Hip hop star and independent presidential candidate Kanye West also accused Planned Parenthood of "strategically" aborting black pregnancies this week.

“In 50 years, there’s been 22 million — over 22,500,000 — black people aborted strategically and on purpose," he claimed. "Planned Parenthood was set up and placed in minority communities to kill black people.”

The landmark 1973 Supreme Court decision in the case of Roe versus Wade struck down state and federal legislation preventing women from seeking an abortion, effectively enshrining it as a right.
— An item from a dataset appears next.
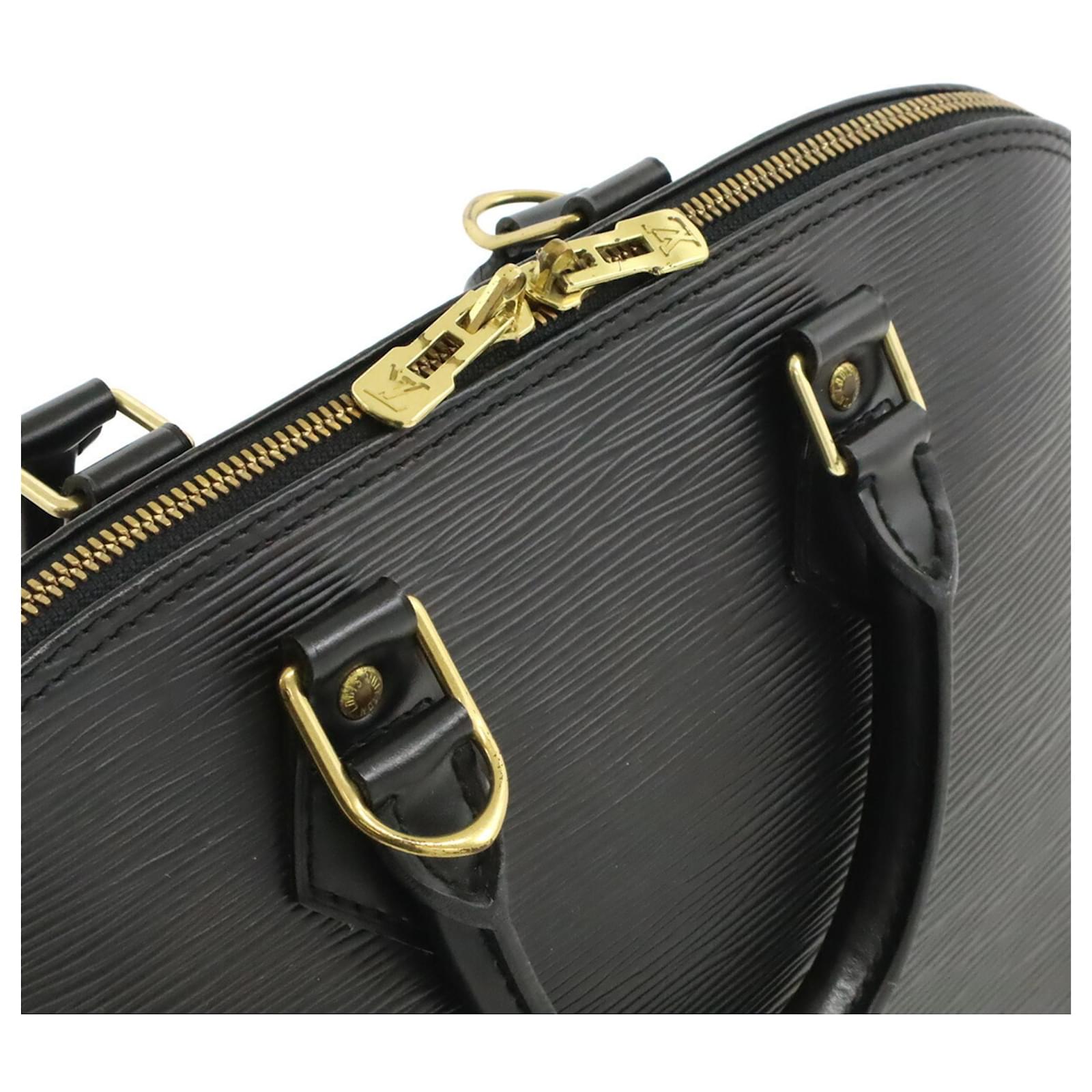 The Louis Vuitton Epi Alma Handbag is crafted from high-quality Epi leather in a sophisticated black hue. This stylish handbag measures 24 cm in height, 34.5 cm in width, and 16.5 cm in depth, making it a practical choice for daily use.

But since then nine states - Arkansas, Idaho, Kentucky, Louisiana, Mississippi, North Dakota, Missouri, Tennessee, South Dakota and Utah - have passed so-called trigger laws banning abortion that would come into force if the Roe v. Wade ruling was overturned. Another seven states - Alabama, Arizona, Michigan, New Mexico, Oklahoma, West Virginia, and Wisconsin - have never repealed their pre-1973 bans on abortion.